This comparative article seeks to define the extent to which Simon Armitage and Glyn Maxwell’s Moon Country (1996), whose subtitle claims to be “further reports from Iceland”, can be examined as a footsteps travel narrative to Louis MacNeice and W. H. Auden’s Letters from Iceland (1937). By focusing on the issues of literary heritage, authorship, authenticity, and photography, it analyses mainly formal affinities between the two underappreciated travelogues, which share a tendency towards fragmentation and identity games, but exhibit quite different approaches to the theme of their travel.
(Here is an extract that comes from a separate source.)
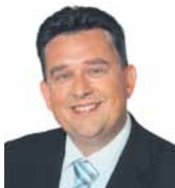
Emile Roemer Fractievoorzitter SP

Vriendelijke groet en bedankt voor uw medewerking.

The article also seeks to restore some balance to the biased perception of their co-authorship, emphasising the achievement of Armitage and MacNeice in these particular Icelandic expeditions.

Disclosure statement

No potential conflict of interest was reported by the author(s).

Notes

1 Later in the same Routledge Companion, Thompson specifies the limitations of this academic scrutiny and investigation. Writing about the subjectivization and aestheticization of travel writing, he concludes that “the lack of analytical and methodological rigour strongly associated with the form largely disqualifies it from serious consideration by academic professionals in most disciplines” (Citation2016, 199).

2 My use of the verb “challenge” here expresses the belief that all potential footstep writings of a successful original resemble an act of new translation. For a list of imitators of the most famous section of Letters, i.e. Auden’s “Letter to Lord Byron”, see e.g. Sansom Citation1997.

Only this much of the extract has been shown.